The LSE / ILAS conference (http://americas.sas.ac.uk/events/integration.php), entitled “Responding to Globalisation in the Americas: The Political Economy of Hemispheric Integration” attracted notable academics working on issues related to trade and investment in Latin America. A number of the papers presented were interesting and well written, but two in particular I found worth noting for their larger implications and findings.
Andrew Schrank presented a piece co-authored with Marcus Kurtz entitled “Open Economy Industrial Policy in Latin America and the Caribbean” http://www.lse.ac.uk/collections/DESTIN/pdf/GlobalisationAmericasConference/Schrank.pdf) which builds on a piece the two published in 2005 in Politics and Society (vol. 33, no. 4, pg 671-702). The argument of the article is essentially that traditional arguments for the drawbacks of an active industrial policy are less persuasive in the context of an open economy because rather than learning to be rent seekers, protected industries learn to compete on the international market, making it easier for subsidies and other credits to be phased out over time. Additionally the authors argue that it is easier for the government to phase out such policies in an open economy given fiscal constraints and international pressures. While the econometric conclusions (that credit policies in particular have led to increases in exports) are open to critique, the argument is both interesting and persuasive, and greatly nuances the debate about the costs and benefits of utilising an active industrial policy.

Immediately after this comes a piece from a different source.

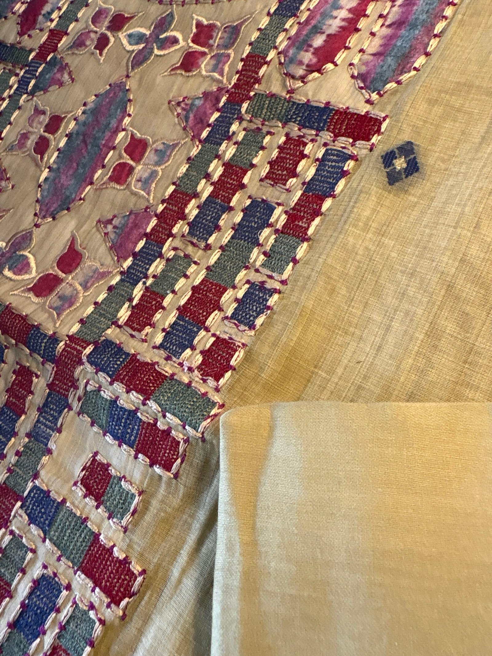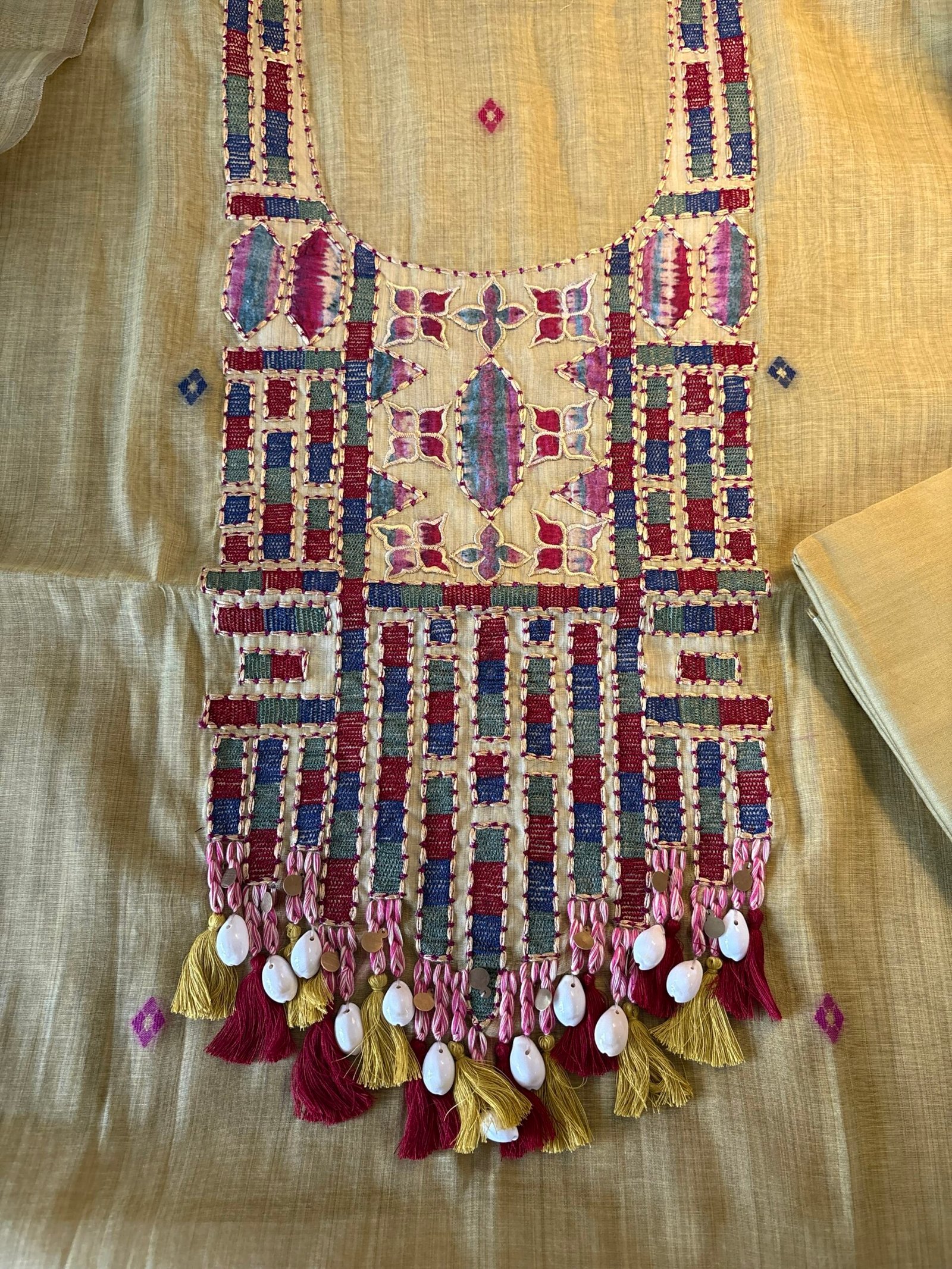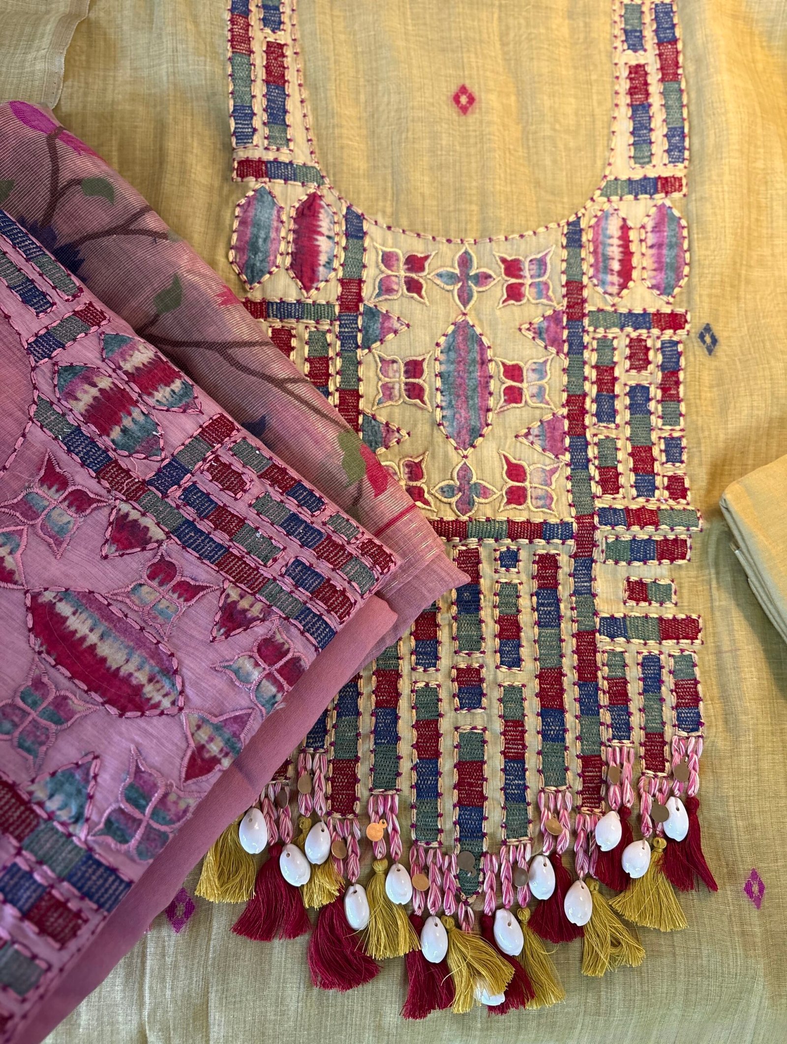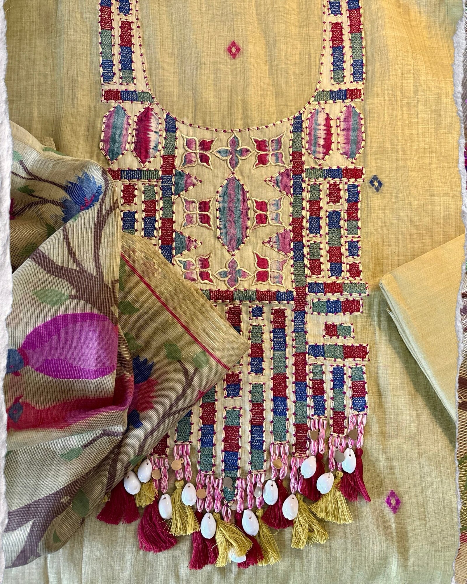 Kameez: Embroidered and applique worked Soft Chanderi Woven Jamdani with real shells

Ken Shadlen’s piece “Globalization, Power, and Economic Integration in the Americas” (http://www.lse.ac.uk/collections/DESTIN/pdf/GlobalisationAmericasConference/Shadlen.pdf) seeks to explain the willingness of many Latin American (and particularly Central American and Caribbean) nations to overlook the costs of signing regional trade agreements (RTAs) with the US as related to the extent to which their export structure competes with China as well as a country’s relative power in the international system and the power of exporters within the domestic political economy. It is an interesting contribution to the literature both on the impact of China on other developing countries and on the rationale for signature of free trade agreements.

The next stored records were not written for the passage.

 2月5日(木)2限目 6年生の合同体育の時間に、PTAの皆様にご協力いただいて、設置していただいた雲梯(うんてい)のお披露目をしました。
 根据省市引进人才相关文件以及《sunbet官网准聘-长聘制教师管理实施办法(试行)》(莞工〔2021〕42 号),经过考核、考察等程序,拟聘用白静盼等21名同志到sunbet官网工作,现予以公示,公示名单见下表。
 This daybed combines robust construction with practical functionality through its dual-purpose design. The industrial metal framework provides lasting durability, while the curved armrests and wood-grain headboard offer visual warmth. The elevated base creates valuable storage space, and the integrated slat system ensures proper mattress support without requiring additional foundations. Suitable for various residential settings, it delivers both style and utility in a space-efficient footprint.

The LBS conference (http://www.lbs.ac.uk/newsandevents/events.html) was significantly less academic, as most of the speakers were from business and government. Nonetheless (or perhaps because of this!) a number of interesting insights were provided to the actual political and economic progress of Latin America, including a very detailed and thoughtful presentation on the Mexican Finance Ministry’s attempt to improve the country’s debt portfolio and capitalise on the investment grade credit rating the government received from Moody’s in 2000.

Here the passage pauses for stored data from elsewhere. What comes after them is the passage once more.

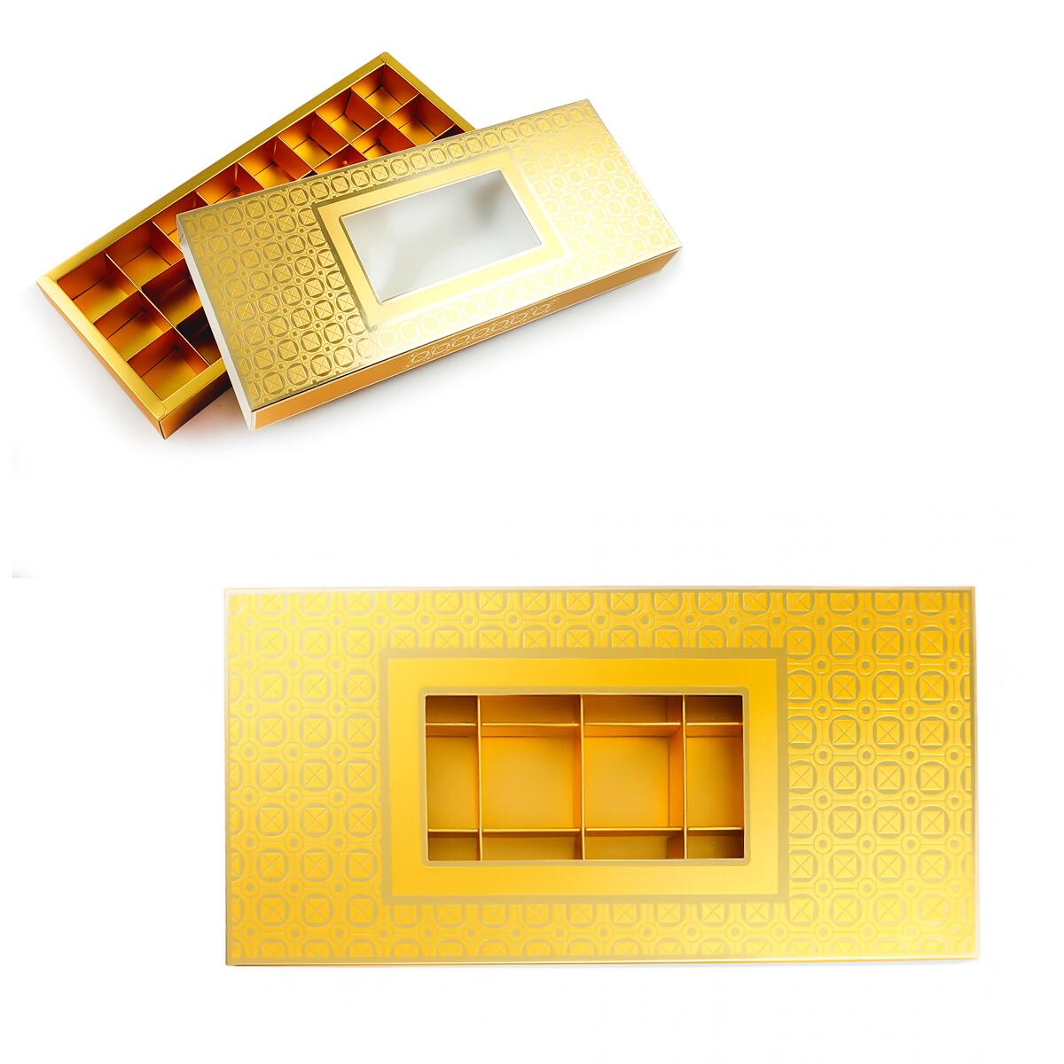 Descrição Caixa para Doces Dourada 36,5cm x 15cm x 4cm 24 Divisórias RO.154445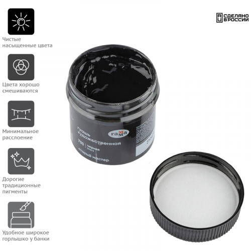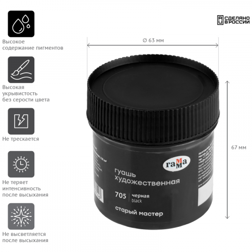 Гуашь художественная "Гамма" серии "Старый мастер" имеет уникальную рецептуру, разработанную в собственной исследовательской лаборатории завода совместно с художниками. Краски изготавливается из тонкодиспесных пигментов, связующего, в состав которого входит раствор растительного клея - гуммиарабика высшей степени очистки. Краска легко наносится на поверхность, благодаря специальным добавкам сохраняет яркость цвета после высыхания, создавая плотный бархатистый слой. Гуашь обладает высокой укрывистостью, отличной разносимостью, а также хорошо смешивается между собой. Большая часть цветов имеет самый высокий показатель светостойкости.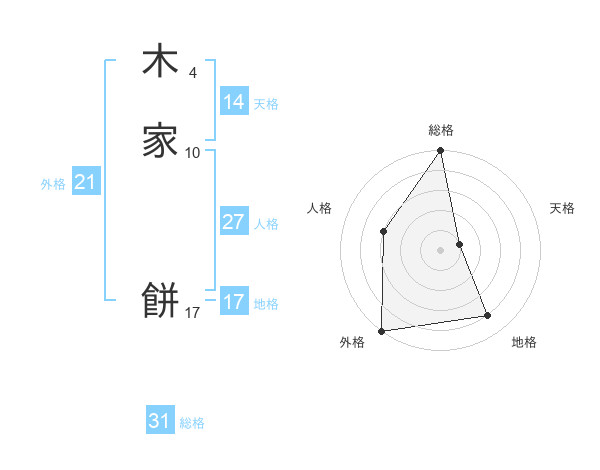 木家 餅さんの総格は31画の5点!

More generally, many of the participants discussed whether the idea of Latin America as a region was really useful, when a number of countries seemed to be moving in such different ways both politically and economically. Most thought that the ‘threat’ to business in Latin America was being very overstated, and emphasised that many of the major economies in the region were improving their business climates and macroeconomic performance, as well as advancing their democracies, making the economies more attractive places to invest.